Alexander Bezrukavy, lui, parvient d’abord à fuir. Il trouve refuge dans des villages slovaques, puis tente de rejoindre la Russie. Mais sa trace est suivie. Il est arrêté en Bosnie, à la frontière croate, le 3 février 2025, puis extradé vers la Pologne malgré les efforts de Moscou pour le rapatrier. La Russie invoque une vieille affaire criminelle, mais pour les enquêteurs européens, la manœuvre révèle surtout l’intérêt stratégique de l’individu pour les autorités russes.

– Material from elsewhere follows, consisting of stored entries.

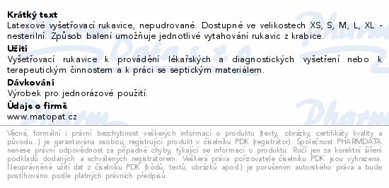 Latexové vyšetřovací rukavice, nepudrované. Dostupné ve velikostech XS, S, M, L, XL - nesterilní. Způsob balení umožňuje jednotlivé vytahování rukavic z krabice.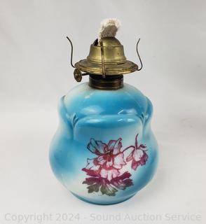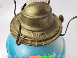 P&A Mfg. oil lamp, no chimney. Rooster lamp appears to be functioning as intended. Shade has a dirty spot & cut.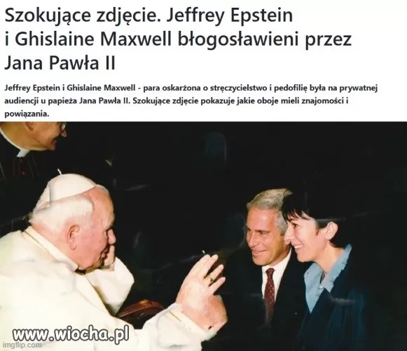 Jan Paweł II błogosławi Jeffreya Epsteina i Ghislaine Maxwell.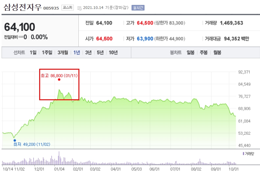 위의 글을 보면 올해 1월 초는 삼성전자를 매수해야 할 때가 아닌, 매도해야 하는 순간이었다는 생각이 들 겁니다. 물론 저기서 더 올라갔을 수도 있지만 적극적으로 매수했을 타이밍은 아니었던 거죠.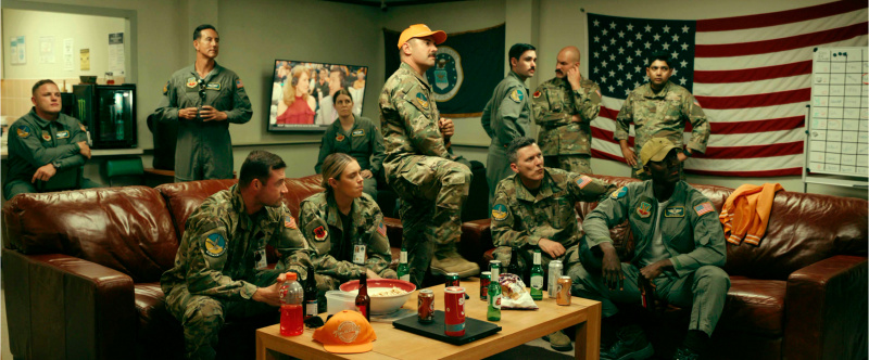 Связь с отрядом с базы держат оператор дрона MQ-9 Reaper капитан Эдди Гримм (Рассел Кроу) и его помощница сержант Ниа Брэнсон.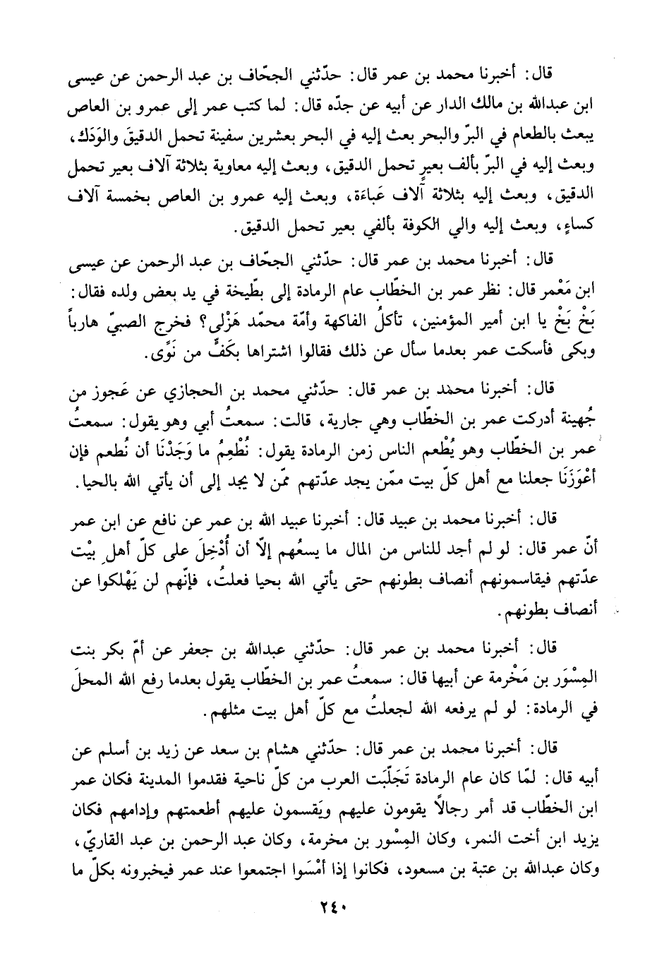 قَالَ: أَخْبَرَنَا مُحَمَّدُ بْنُ عُمَرَ قَالَ: حَدَّثَنِي عَبْدُ اللَّهِ بْنُ جَعْفَرٍ عَنْ أُمِّ بَكْرِ بِنْتِ الْمِسْوَرِ بْنِ مَخْرَمَةَ عَنْ أَبِيهَا قَالَ: سَمِعْتُ عُمَرَ بْنَ الْخَطَّابِ يَقُولُ بعد ما رَفَعَ اللَّهُ الْمَحْلَ فِي الرَّمَادَةِ: لَوْ لَمْ يَرْفَعْهُ اللَّهُ لَجَعَلْتُ مَعَ كُلِّ أَهْلِ بَيْتٍ مَثَلَهُمْ.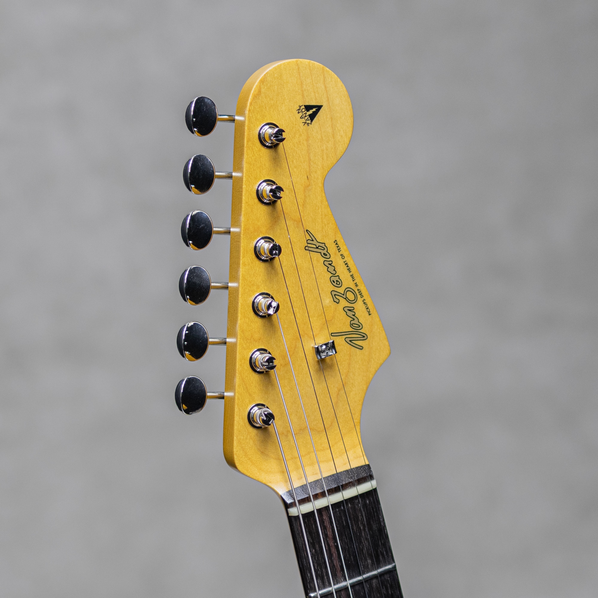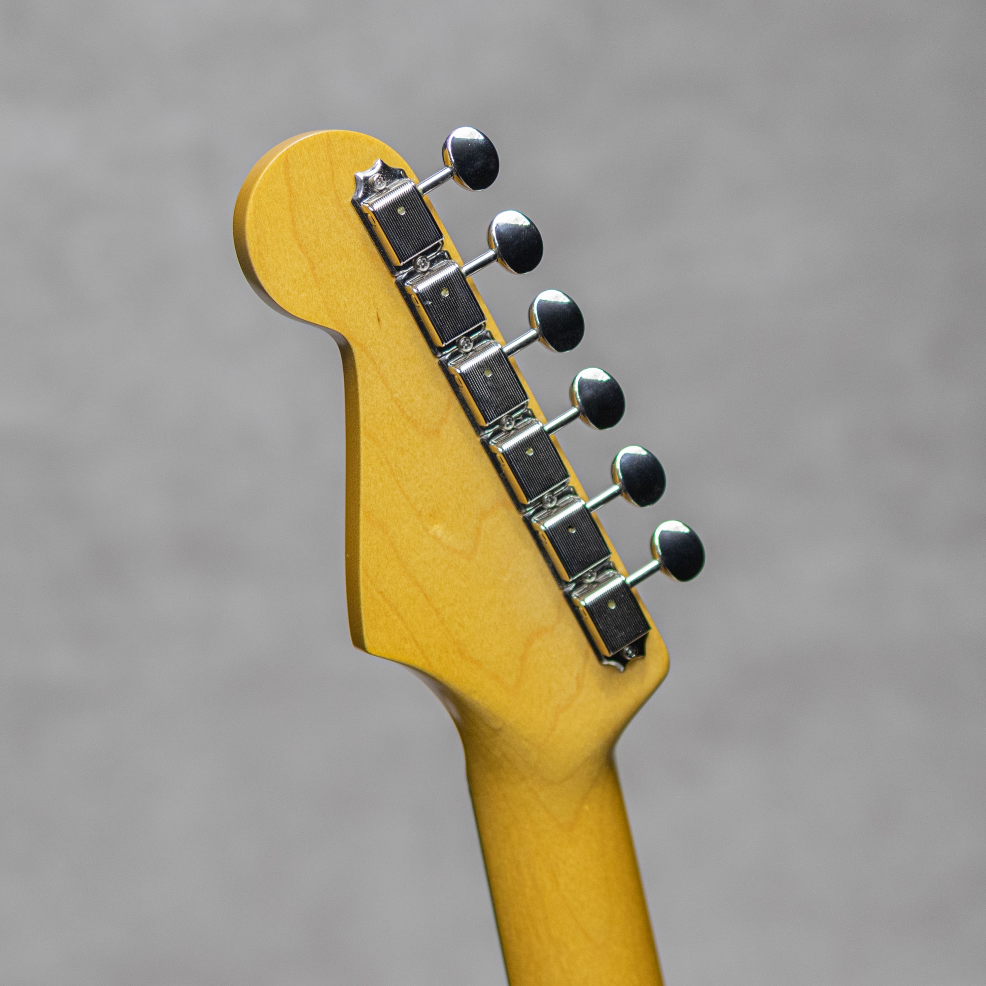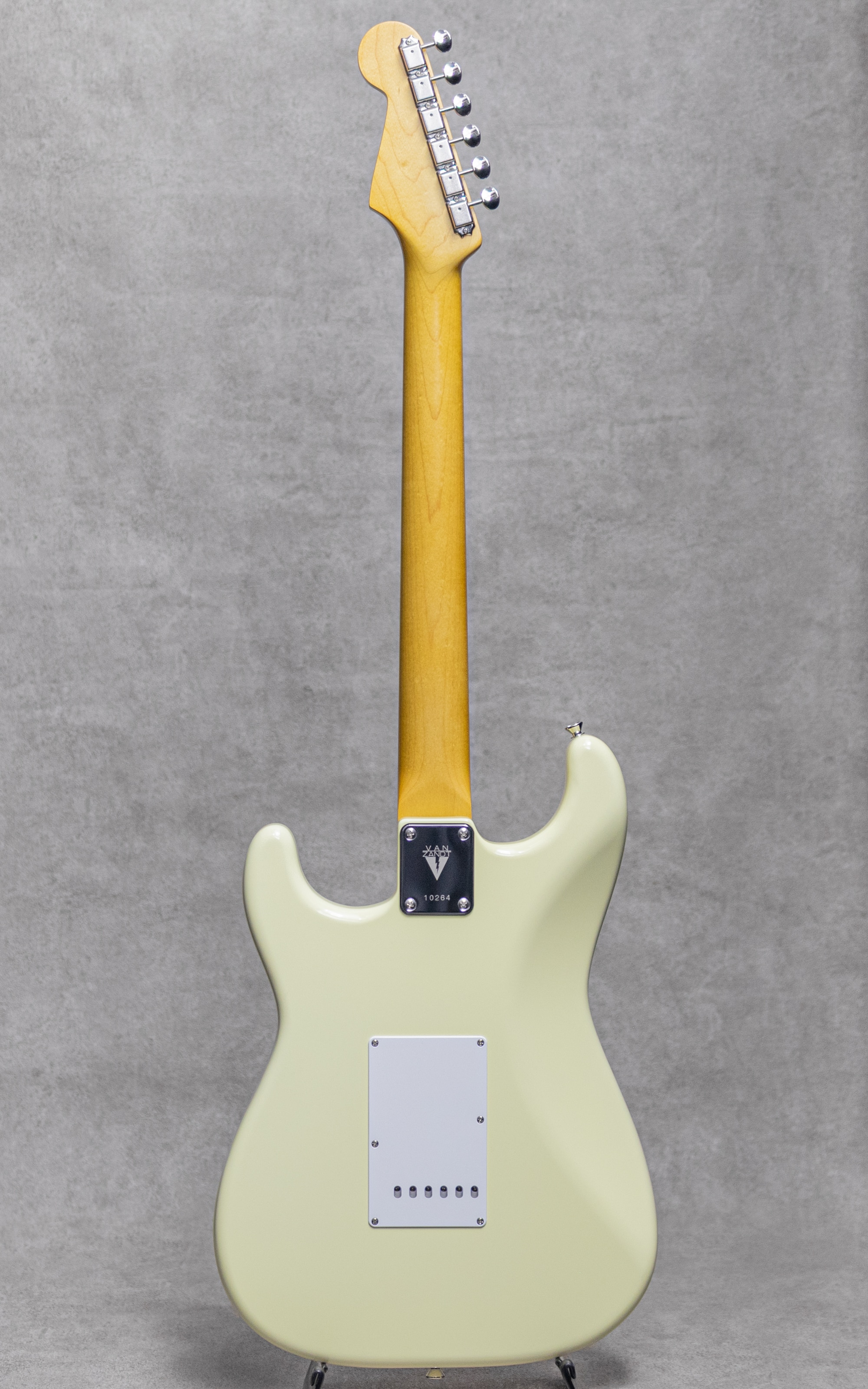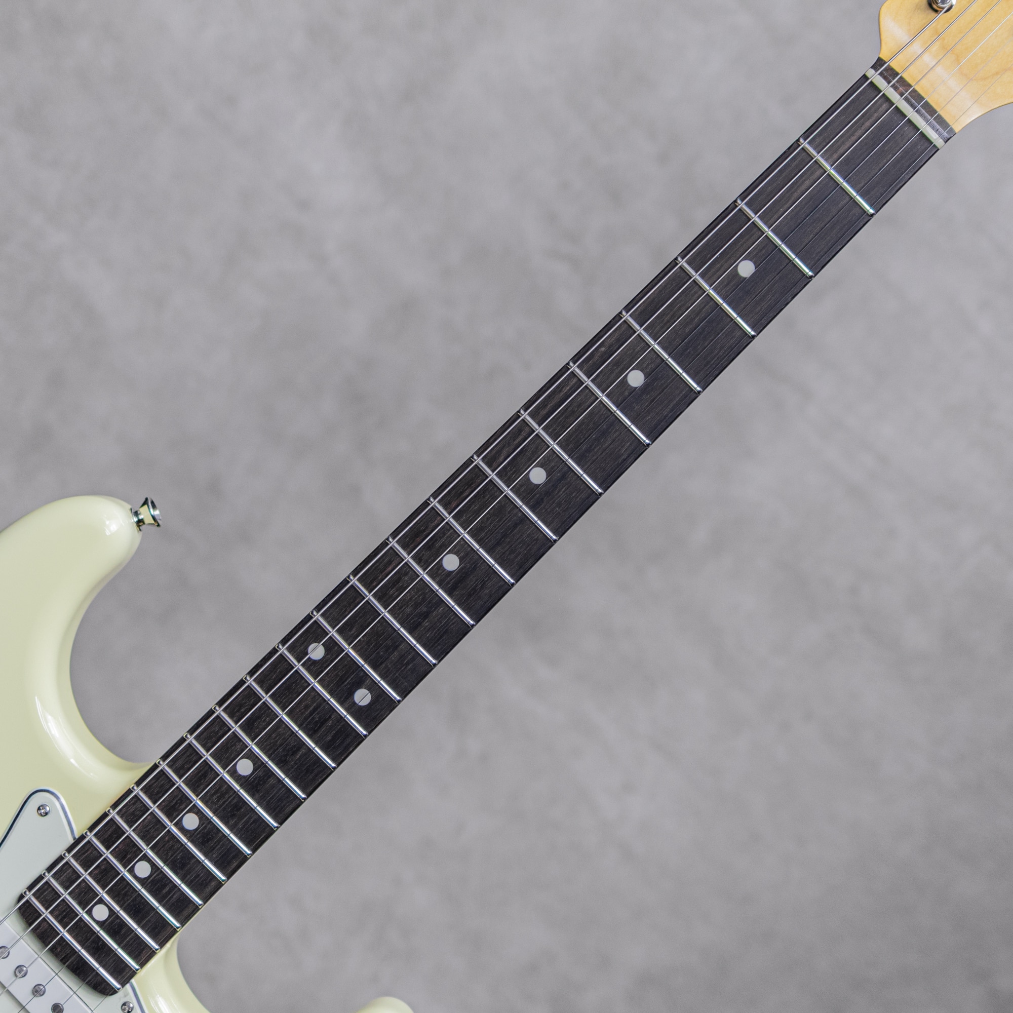 “Neo Vintage”を感じさせる”Vanzandt”。数多くのミュージシャンから愛されたテキサス生まれの”Van Zandt”ピックアップを搭載し、国産の確かな技術で作り上げられるギターは、その価格以上のクオリティを感じずにはいられない実力派ギター。本器は60年代モデルを踏襲した”STV-R2 Vintage White”。ピックアップに"Van Zandt” TrueVintage&Bluesを搭載したショップセミオーダーモデル。グッドルッキンのビンテージホワイトカラーの1本。アルダー2pcsボディ、こだわりの板目取りメイプルネックにインディアンローズウッドスラブ指板のウッドスペックといった王道スペック。ネックグリップは22フレット仕様の60 Style Oval Cシェイプで、厚すぎず薄すぎない弾き心地の良いネックシェイプ。通常モデルのピックアップは”Van Zandt”Bluesx3が搭載されておりますが、本器にはフロントPU&センターPUに”Van Zandt”TrueVintageを、リアPUには”Van Zandt”Bluesを搭載。トーンコンデンサーにはヴァンザントオリジナルレプリカコンデンサーを使用。フロント・センター時のクリアで乾いた響きは、より奥行きのあるベルトーンを思わせるレンジの広い響きで、リア時のパンチのあるミッドの効いたサウンドはドライブサウンドにも持ってこいです。より繊細で表現力のあるフロントやハーフトーンでファットでメロウなトーンから、エッジの効いたアグレッシブなパワー感の得られるリアサウンドまで幅広いサウンドメイクを可能にしてくれる1本です。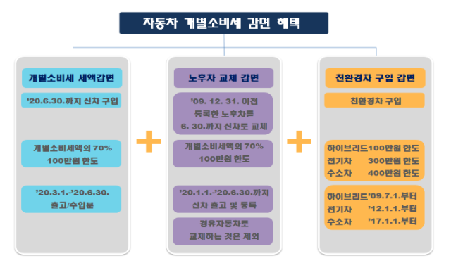 (세종= KTN) 전윤지 기자=정부는 내수회복을 지원하고, 코로나19로 취약해진 민생경제의 안정을 도모하기 위해 ’20.3.1.부터 자동차 개별소비세를 감면한다.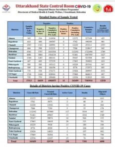 उत्तराखंड : आज प्रदेश के 7 जिलो में कोई कोरोना मरीज नही मिला, वही आज दो मरीजों की मौत, जानिए खबर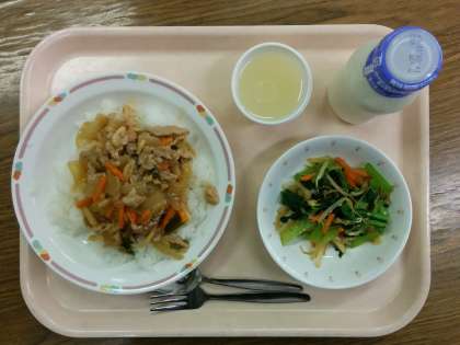 今日の給食は、「スタミナ丼」「ナムル」「リンゴゼリー」「牛乳」です。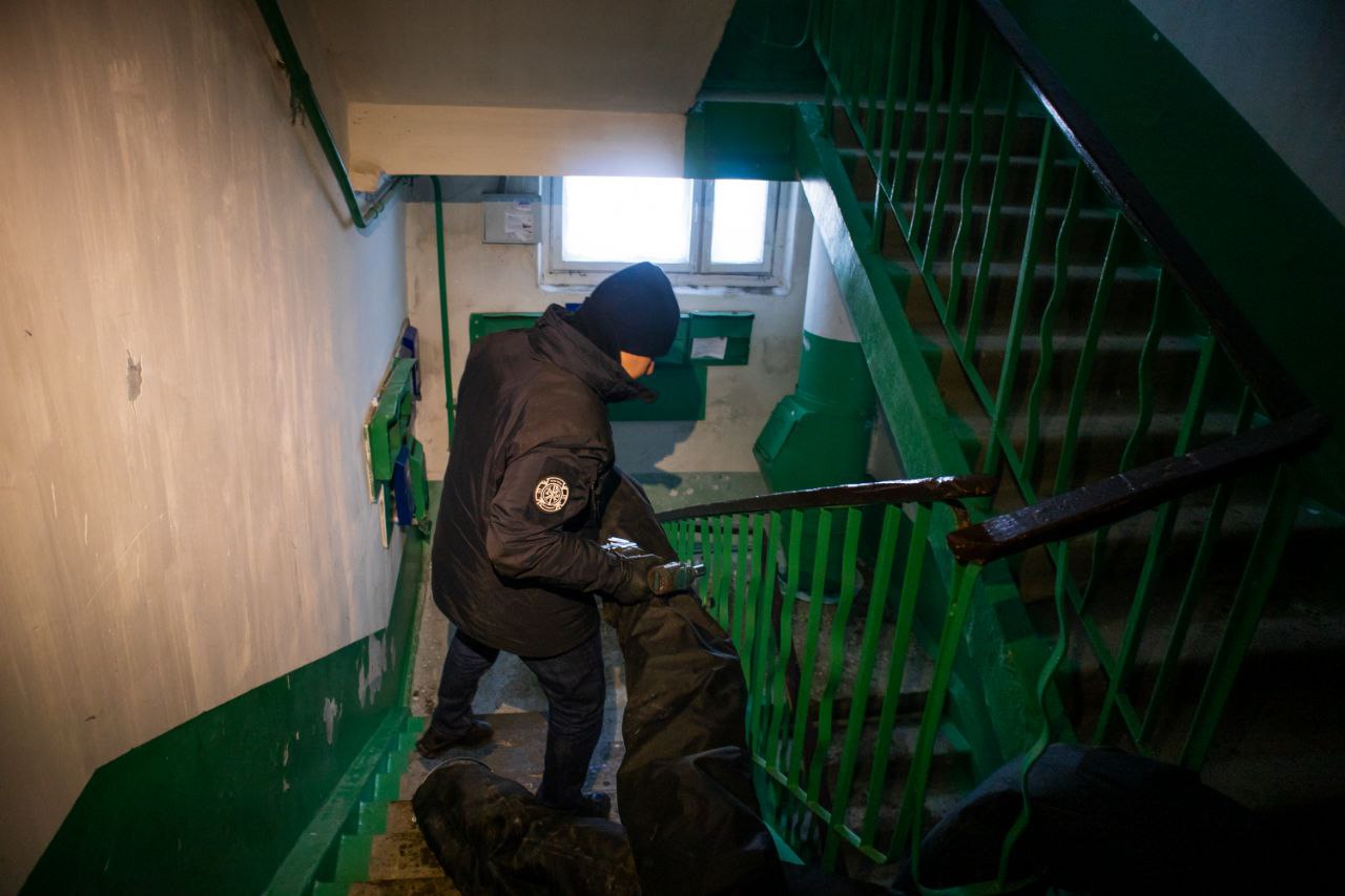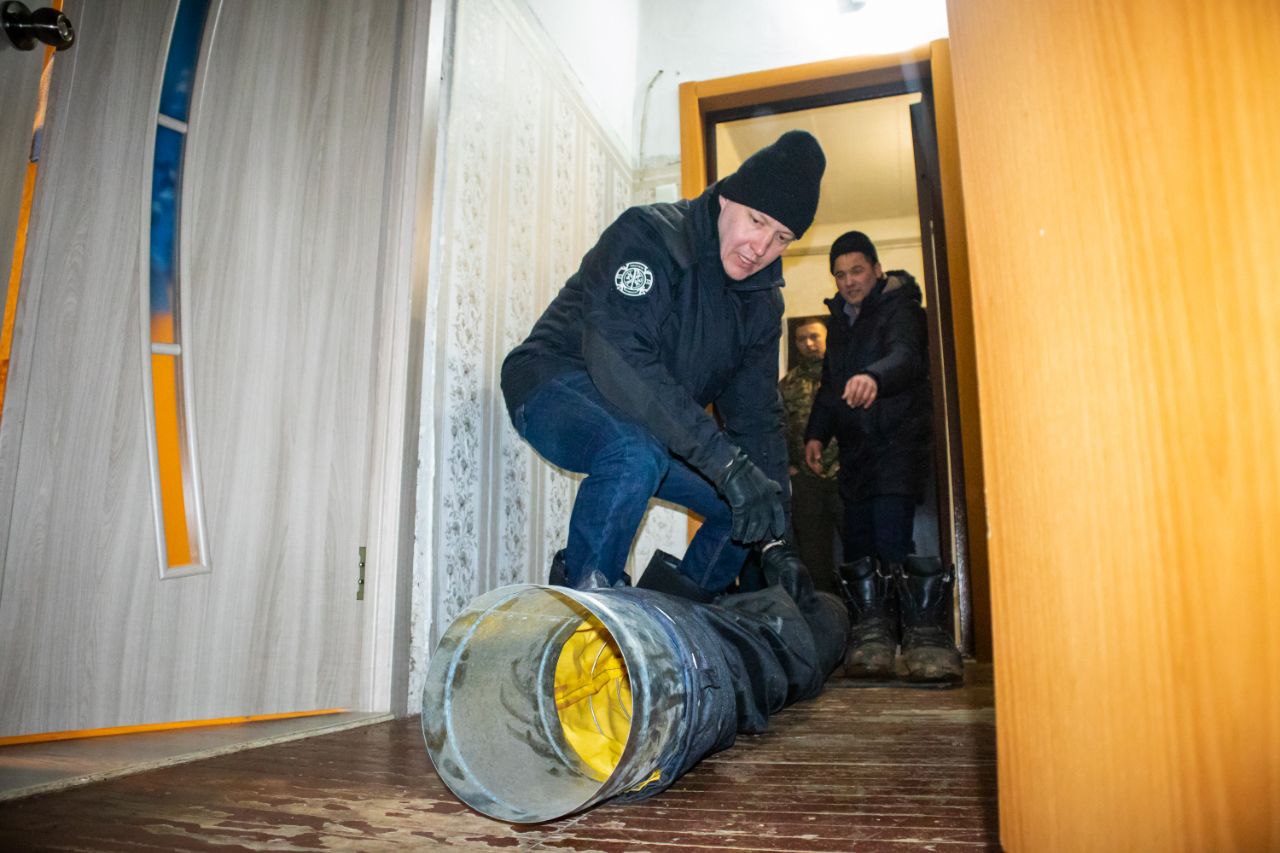 «Один рукав спускаем в подвал, второй — в подъезд, а третий — в одну из самых промерзших квартир. Горячим воздухом, который на выходе достигает 50 градусов, мы прогреваем стены, что усиливает эффект разогрева внутрипанельных труб для быстрого запуска контуров отопления», — поясняет заместитель директора АСО «РМК Поиск» Тимур Гайнуллин.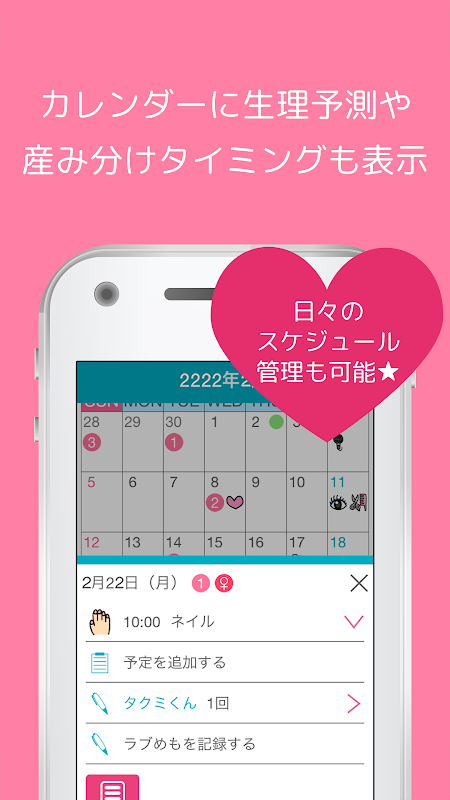 ○姉妹アプリ「リズム手帳」と連動することで生理日、排卵日を表示

Ce que révèlent les investigations, c’est une mutation profonde de la manière dont la Russie mène ses opérations secrètes. Les agents du GRU ne voyagent plus. À la place, ils engagent des exécutants précaires, souvent recrutés via Telegram. Des « freelances » criminels, attirés par l’argent facile, peu conscients – ou feignant de l’être – du but final de leurs missions.

Kirill, qui a quitté l’Europe pour se cacher, assure ne jamais avoir su qu’il participait à une opération de sabotage. Il admet néanmoins qu’il n’a jamais posé de questions. Quant à Bezrukavy, s’il était au courant, ce n’était pas, selon lui, pour des raisons idéologiques : « Il ne l’a pas fait pour la patrie. Il voulait juste de l’argent facile.« 

Une nouvelle forme de terreur

L’opération des colis piégés est révélatrice d’une nouvelle tendance dans les conflits hybrides : la banalisation de la menace, son insertion dans le quotidien, et le recours à des circuits logistiques civils, comme les transporteurs commerciaux, pour mener des attaques invisibles.

Les procureurs polonais accusent aujourd’hui Bezrukavy et Dzerkovets de terrorisme et de collaboration avec une puissance étrangère. Le Kremlin, lui, rejette catégoriquement toute implication. Le porte-parole de Vladimir Poutine, Dmitri Peskov, a dénoncé des « élucubrations russophobes ».

Mais les faits s’accumulent. Le réseau semble avoir agi dans plusieurs pays, et d’autres colis suspects pourraient encore circuler. À ce stade, les autorités européennes redoutent que les événements de l’été 2024 n’aient été qu’un test grandeur nature.

En pleine guerre en Ukraine, alors que les tensions entre Moscou et l’Occident restent à leur paroxysme, l’affaire jette une lumière crue sur les moyens employés par la Russie pour affaiblir ses adversaires.

Les services de renseignement européens craignent désormais un déploiement plus vaste de ce type d’opérations. D’autant que la facilité avec laquelle ces colis ont circulé entre plusieurs pays, par voie légale, montre les failles du système de sécurité.